Thursday, August 9, 2007

Multiple SSIS environments on the same server

Got Dev and Test (and even Prod) environments on the same box? Want to avoid hacking the package xml when promoting SSIS solutions? There are a couple of configuration options:

1. XML configuration file

The key here is to use a relative path. The wizard guides you to click the Browse button and specify an absolute reference e.g. c:\ssisdev\config.dtsconfig. Instead, just type in config.dtsconfig. SSIS will look for the config file in the package location.

Depending on how you structure your solution, you don't necessarily want your config files in the same location as the packages that use them. I suggest you give up on this now and accept all config files will have to be in the same location as the packages that use them.

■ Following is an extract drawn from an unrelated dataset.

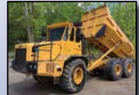
'99 BELL B25C

1999 BELL Model B25C, 25 Ton 6x6 End Dump , s/n 030032, powered by Cummins diesel engine and powershift transmission, equipped with air conditioning. In good condition with good to very good tires. (BARHITE)

This is because longer relative paths such as ..\config.dtsconfig don't work (this particular example saves the config file to C:\Program Files\Microsoft Visual Studio 8\Common7 !!!)

2. SQL Server

This is a two phase approach. Firstly, set up a SQL Server configuration table. As part of this process you will reference or create a database connection. Then (and this is the cunning bit) create an XML config file with a relative path (as per option #1) that contains the connection string for the connection. You can then specify different configuration table locations in the xml config files.

This option also uses xml config files and is hampered by the same difficulties as option #1. You will need a separate config file for every package location, and you will need to maintain these config files individually. You could design to ensure your config files are all identical and write a script to copy them as part of the build; whether this is worth the effort depends on your solution.

2 comments:

Ram said...

so i cant have multiple environments in the same server using environmental variables alone as my initial connection?

oscil8er said...

Sorry, but I've never found a way to achieve this.